Participants also reported that the demonstration of pictures in temporal order supported the process of inferring their emotion because it grants additional activity cues:

“[P2] The sequence of the photos helps because I can understand what I was doing.”

In contrast to inferring emotion from self-face pictures at the end of the day (Photo-Day), inferring emotion from self-face pictures a week after they were captured (Photo-Week) revealed an opposite effect. All participants reported emotional inference based on their facial expressions captured in self-face pictures. Facial expressions were preferred over context in multiple cases:

“[P3] This one I cannot tell, am still at work from the context, but I don’t see the mouth and I cannot really tell by the eyes so I discarded.” “[P4] Here am smiling so I was feeling good, I only concentrate on my face that shows if you are happy or not and maybe the time but the face comes first.” “[P2] I think the facial expression is essential for you to know if you feel OK or not, because if you go into the context it is always the same, hard to distinguish.”

Participants also described the areas of their face on which they concentrated most during the reconstruction. Mouth, eyes, and eyebrows were the most referenced ones.

3.3 Relevant versus self

Post hoc tests using the Bonferroni correction revealed that the relevant others (Photo-Relevant, M = 12.091, SD = 9.59) were significantly less consistent as compared to participants in assessing participants’ emotions from face pictures a week after they were captured (Photo-Week, M = 9.722, SD = 9.629, p < .05) (Fig. 5).
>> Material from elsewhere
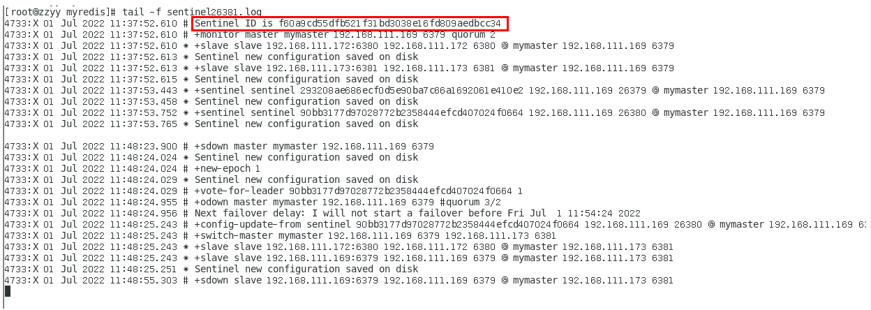 sentinel monitor mymaster 192.168.111.169 6379 2

Interestingly however, participants reviewing self-face pictures at the end of the day displayed a significant greater total delta than the relevant others did (Photo-Relevant, M = 11.333, SD = 6.813, p < .05) (Fig. 7). This indicates that relevant others were significantly more certain when evaluating an individual’s face picture than the individuals themselves were at the end of the day. This could be explained by the fact that relevant others ignored the context of the pictures they were evaluating. In fact, participants reviewing self-face pictures at the end of the day (Photo-Day) displayed a significant higher visit count on the Background AOI than the relevant others (Photo-Relevant, M = 0.320, SD = 0.556, p < .05) (Fig. 6). This effect is complemented by the relevant others reporting that they relied totally on individual’s facial expressions to infer emotion from pictures of familiar faces:

Fig. 7
figure 7

Average distance covered by cursor per condition (0–99) during evaluation. Time-Day entailed the highest bar cursor movement

“[R4] I can’t understand what she was doing by the pictures in none of them.”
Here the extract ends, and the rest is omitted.